Boxing is a very fan driven sport. Even the biggest events aren't going to mean much to people unless they have a cursory interest in the sport. It's not as easy for casuals to get into boxing as it is other sports (football during the World Cup, for example). Because of this I find it amusing when people refer to 'domestic fights' as somehow meaning less than fights between people from different countries. Even the biggest draw in the sport, Mayweather, barely makes it onto anyone's radar (I can only speak for the UK). I can only watch his fights on a dedicated boxing channel so it could be argued that Froch/Groves II is getting more coverage in the US on HBO than Mayweather gets in the UK.


----------



## Bogotazo (May 17, 2013)

On the Money said:


> At least he deserves it unlike that imposter Hatton.


:blood


----------



## One to watch (Jun 5, 2013)

Ricky hatton,joe calzaghe,naseem hamed and probaly now Carl frampton can/could earn more at home because they are far bigger stars at home than in the US.


----------



## Bogotazo (May 17, 2013)

Kurushi said:


> I think people need to take this 'domestic fight' thing with a large pinch of salt.
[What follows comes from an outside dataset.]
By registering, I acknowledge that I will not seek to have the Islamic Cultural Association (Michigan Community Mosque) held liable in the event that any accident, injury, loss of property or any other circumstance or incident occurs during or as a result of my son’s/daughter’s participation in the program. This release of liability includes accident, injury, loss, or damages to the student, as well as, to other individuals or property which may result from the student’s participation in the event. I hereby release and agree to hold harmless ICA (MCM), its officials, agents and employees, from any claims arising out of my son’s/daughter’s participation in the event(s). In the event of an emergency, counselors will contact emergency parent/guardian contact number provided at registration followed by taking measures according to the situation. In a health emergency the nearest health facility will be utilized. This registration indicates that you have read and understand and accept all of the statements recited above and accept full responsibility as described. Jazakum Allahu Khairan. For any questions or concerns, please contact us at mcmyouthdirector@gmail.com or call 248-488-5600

It technically_ is_ a domestic fight but there's really very little else that that phrase means even though it's generally used in a derogatory way (which is why I like to re-contextualise it so that it's positive). Ali Vs. Spinks II was a domestic fight that broke the record for the largest indoor attendance for a fight at the time.
> 
> Boxing is a very fan driven sport. Even the biggest events aren't going to mean much to people unless they have a cursory interest in the sport. It's not as easy for casuals to get into boxing as it is other sports (football during the World Cup, for example). Because of this I find it amusing when people refer to 'domestic fights' as somehow meaning less than fights between people from different countries. Even the biggest draw in the sport, Mayweather, barely makes it onto anyone's radar (I can only speak for the UK). I can only watch his fights on a dedicated boxing channel so it could be argued that Froch/Groves II is getting more coverage in the US on HBO than Mayweather gets in the UK.


A lack of a commonly used definition definitely muddles the conversation, I agree.


----------



## Arran (Jun 21, 2012)

Bogotazo said:


> Hype does not determine world-class caliber and relevance to a division. Get that through your skull.
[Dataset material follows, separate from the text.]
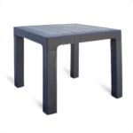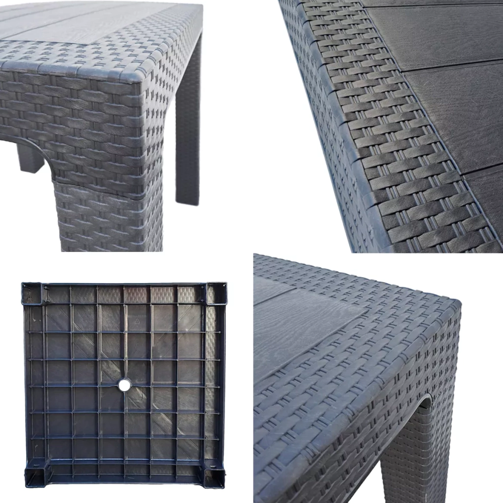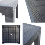 Mesa cuadrada de plástico con diseño simil rattan. Estructura robusta, firme y resistente. Con orificio para sombrilla.

i know...but you brought up international hype not me...for which there was none for ward v dawson...so kind a of a stupid point was it not?


----------



## Felix (Mar 13, 2013)

Bogotazo said:


> World-Class contests are not defined by popularity. If Froch and Groves were the #1 and #2 Super-Middleweights in their first meeting, it would be a different story. Instead Froch got into a slugfest with someone near the bottom of the top 10 who'd never fought at world level before.
> 
> Just like Rigondeaux doing terrible ratings doesn't stop him from being the #1 in his division, Ward having modest attendance and TV viewership doesn't make his bouts any less relevant to the division he competes in.


No, beating a contender no-one had heard of and a drained LHW do though.


----------



## Arran (Jun 21, 2012)

One to watch said:


> Don't judge all Brits on one example please.
> 
> This fight is massive because it has 'sold' well,rivalry,great first fight,controversial ending etc.
> 
> ...


didnt hurt the klits

but it was ok for ward to never leave home?


----------



## Bogotazo (May 17, 2013)

Arran said:


> i know...but you brought up international hype not me...for which there was none for ward v dawson...so kind a of a stupid point was it not?
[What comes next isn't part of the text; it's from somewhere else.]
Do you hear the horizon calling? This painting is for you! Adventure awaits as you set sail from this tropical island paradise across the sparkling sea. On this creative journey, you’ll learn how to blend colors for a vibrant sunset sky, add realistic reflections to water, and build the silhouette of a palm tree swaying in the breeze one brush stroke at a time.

No, because I said the fight being so relevant to the UK gave the fight a domestic _feel._ When world class fighters fight, even if attendance is low and both are from the same place, people recognize a world class contest at the top of the division as something more than just locally significant; whoever sits on top becomes relevant to everyone in the division around the world. This fight feel's very much like a contest for who carries the UK's torch, and there's nothing wrong with that.


----------



## Bogotazo (May 17, 2013)

Felix said:


> No, beating a contender no-one had heard of and a drained LHW do though.


Drained or not, dominating Dawson was relevant.


----------



## One to watch (Jun 5, 2013)

Arran said:


> didnt hurt the klits
> 
> but it was ok for ward to never leave home?


The klitschkos went to America,but were left out in the cold by the tv companies after the wlad-ibragimov fight.

Ward doenst have to travel as the best fighters in the world go to America.look at his resume.


----------



## Felix (Mar 13, 2013)

Bogotazo said:


> Drained or not, dominating Dawson was relevant.


The weight thing made it _less_ relevant though. It left that asterisk next to the result.


----------



## Bogotazo (May 17, 2013)

Felix said:


> The weight thing made it _less_ relevant though. It left that asterisk next to the result.


Yeah that's fair. Dawson shouldn't have put his foot in his mouth like that.


----------



## tezel8764 (May 16, 2013)

Bogotazo said:


> Yeah that's fair. Dawson shouldn't have put his foot in his mouth like that.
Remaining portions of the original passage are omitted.